• [Given data]
_ _ _

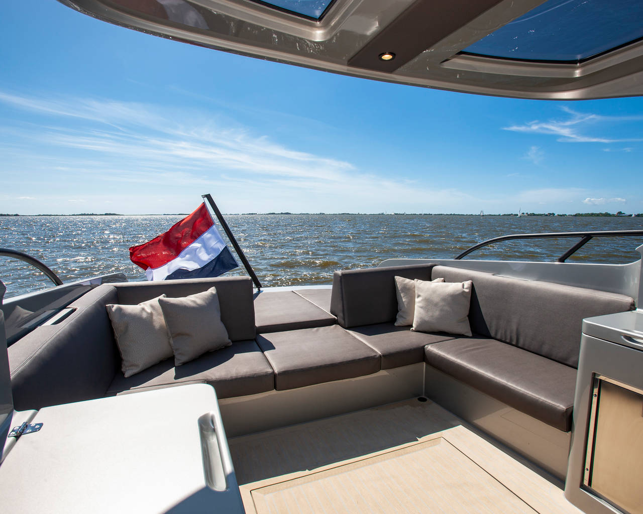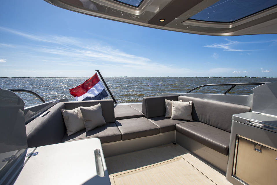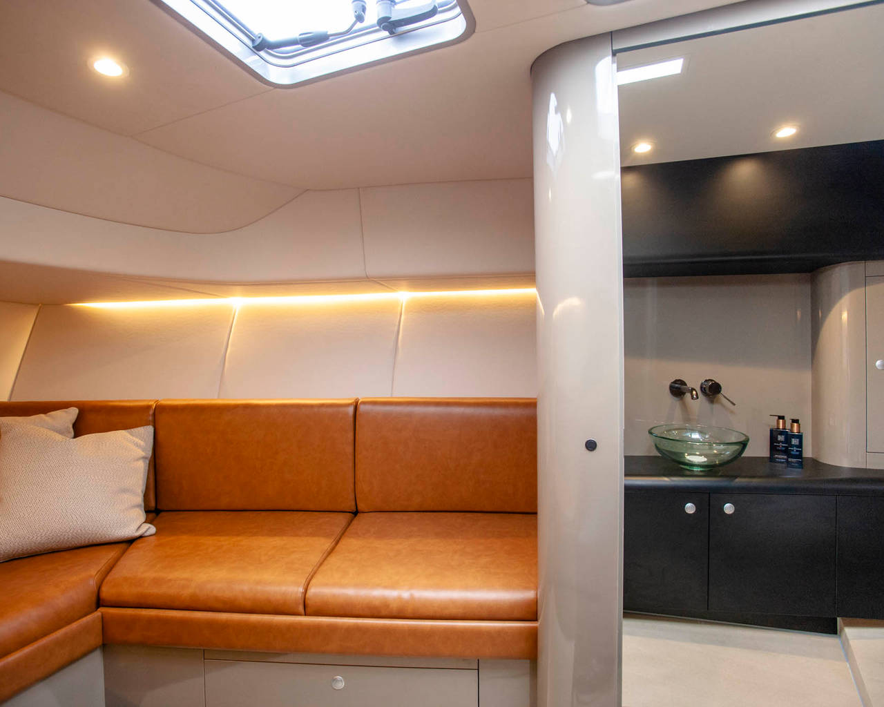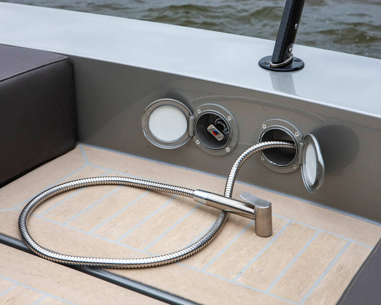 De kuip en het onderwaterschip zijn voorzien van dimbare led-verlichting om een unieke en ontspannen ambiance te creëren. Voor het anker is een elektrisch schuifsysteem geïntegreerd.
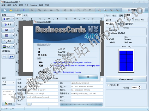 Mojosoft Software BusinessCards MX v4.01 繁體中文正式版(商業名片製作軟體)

_ _ _

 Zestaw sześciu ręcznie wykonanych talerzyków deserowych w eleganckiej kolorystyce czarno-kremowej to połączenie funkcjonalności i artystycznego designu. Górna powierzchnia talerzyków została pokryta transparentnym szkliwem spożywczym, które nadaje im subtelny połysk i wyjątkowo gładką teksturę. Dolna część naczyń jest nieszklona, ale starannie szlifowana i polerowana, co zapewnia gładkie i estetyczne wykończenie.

_ _ _

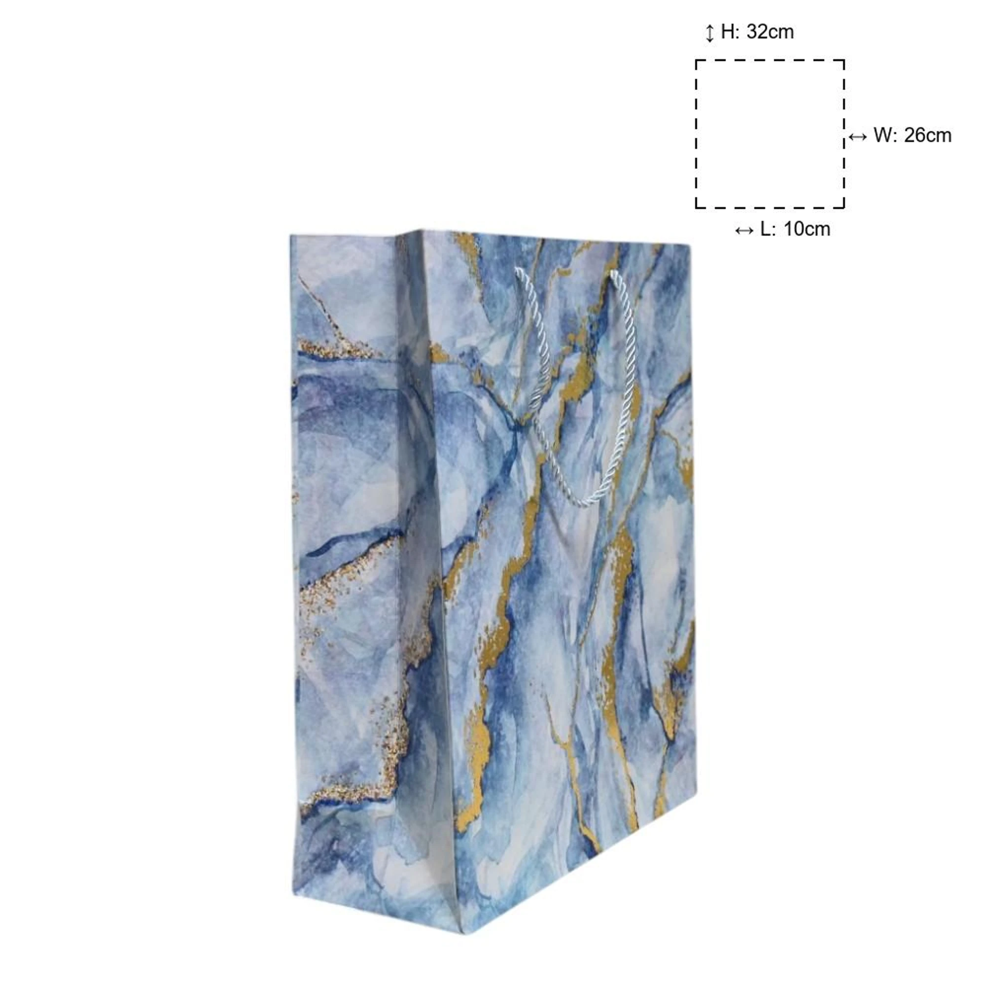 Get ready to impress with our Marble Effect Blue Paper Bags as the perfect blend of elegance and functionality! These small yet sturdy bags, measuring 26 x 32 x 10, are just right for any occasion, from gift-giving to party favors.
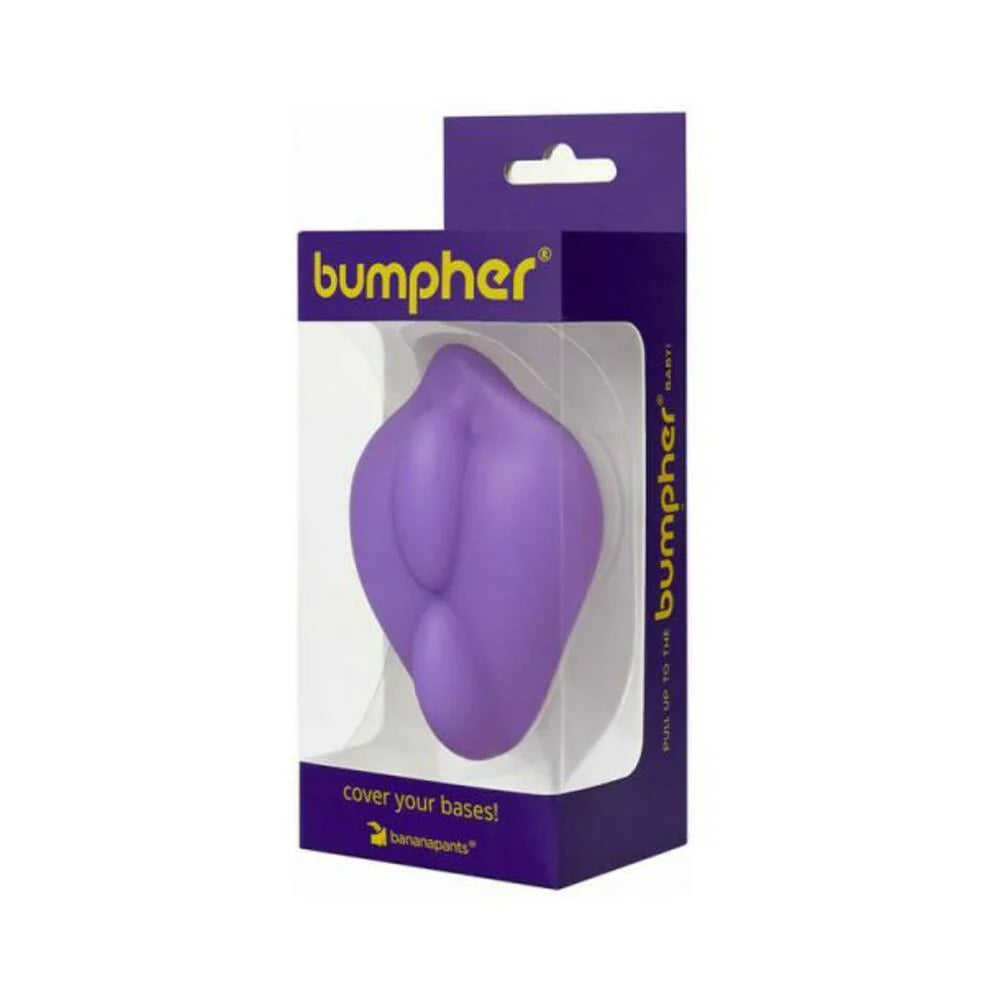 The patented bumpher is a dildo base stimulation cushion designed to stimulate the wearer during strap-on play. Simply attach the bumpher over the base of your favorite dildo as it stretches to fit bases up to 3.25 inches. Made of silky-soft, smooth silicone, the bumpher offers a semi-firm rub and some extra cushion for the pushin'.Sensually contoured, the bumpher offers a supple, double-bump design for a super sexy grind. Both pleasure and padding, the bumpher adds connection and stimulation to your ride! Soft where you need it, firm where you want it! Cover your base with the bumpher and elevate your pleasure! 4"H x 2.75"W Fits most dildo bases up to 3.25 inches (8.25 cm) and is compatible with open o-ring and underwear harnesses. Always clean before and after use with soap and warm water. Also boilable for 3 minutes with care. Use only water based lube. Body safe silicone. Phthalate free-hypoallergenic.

_ _ _

• [Brief] What you return from the records above should be exactly everything from the line with "De kuip en het" down to the line with "Mojosoft Software BusinessCards", both kept, and no pictures.

• [Written reply]
 De kuip en het onderwaterschip zijn voorzien van dimbare led-verlichting om een unieke en ontspannen ambiance te creëren. Voor het anker is een elektrisch schuifsysteem geïntegreerd.
 Mojosoft Software BusinessCards MX v4.01 繁體中文正式版(商業名片製作軟體)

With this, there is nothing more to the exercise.